If we define $\nu(n)$ as the binary digit sum of the natural number $n$. I want to quickly calculate a strange floor and ceiling of a rational $x$:
$\lceil x\rceil_b=\min(\{m\in N|m\ge x,\nu(m)\le b\})$
$\lfloor x\rfloor_b=\max(\{m\in N|m\le x,\nu(m)\le b\})$
I am spending the vast majority of my computer time calculating these bounds in a search for a counterexample to the second part of Knuth's question 43 in Vol 2 4.6.3 TAOCP. This is exact equality in the Scholz-Brauer conjecture from addition chains.
I calculate two bounds on an integer $x$ with positive integers $t,l$: $\lfloor {n-t\over a}\rfloor_b \ge x \ge \lceil {n-t.l\over a}\rceil_b$
It strikes me that doing these divisions on the current 128 bit candidate $n=2^{127}-1$ then adjusting the result up and down based on the binary digit sum is a waste. I should either code up my own division and bail out early based on the leading MSB of the quotient or code using floating point and try to do the same. I am assuming that in most cases I can get away with a single precision (64 bit divide) to calculate the upper bits of the quotient since it will have a digit sum greater than $1\le b\le8$. Might be unlikely the upper bit's sum doesn't exceed $b$ since $b < 64$. I am interested if people have done this kind of optimization before? Thoughts on this problem?

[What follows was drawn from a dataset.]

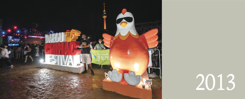 축제 성공의 첫 조건은 주제의 참신함과 매력입니다. 2013년 대구에서는 그런 축제가 하나 탄생했습니다. 치킨과 맥주를 주제로 두류공원 야구장에서 열린 제1회 대구치맥페스티벌이었습니다. 대구와 경북은 치킨 관련 인프라와 전통을 가진 지 역입니다. 1970년대부터 경북 경산, 의성 등의 지역에 양계장이 많았고, 대구에서 는 치킨 프랜차이즈 기업이 여럿 생겼습니다.

Here is an example from the running program:
$n = 170141183460469231731687303715884105727$, $a = 12215343170424930634021$, $t = 1498815112880766320924$,$l = 13510798882111488$, $b=2$
$\lfloor {n - t \over a} \rfloor_2 \le 13928481671510059$
$\lceil {n - t*l \over a} \rceil_2 \ge 12270714937569271$
Both of the bounds converge to $13510798882111488$ once we look at the binary digit sum.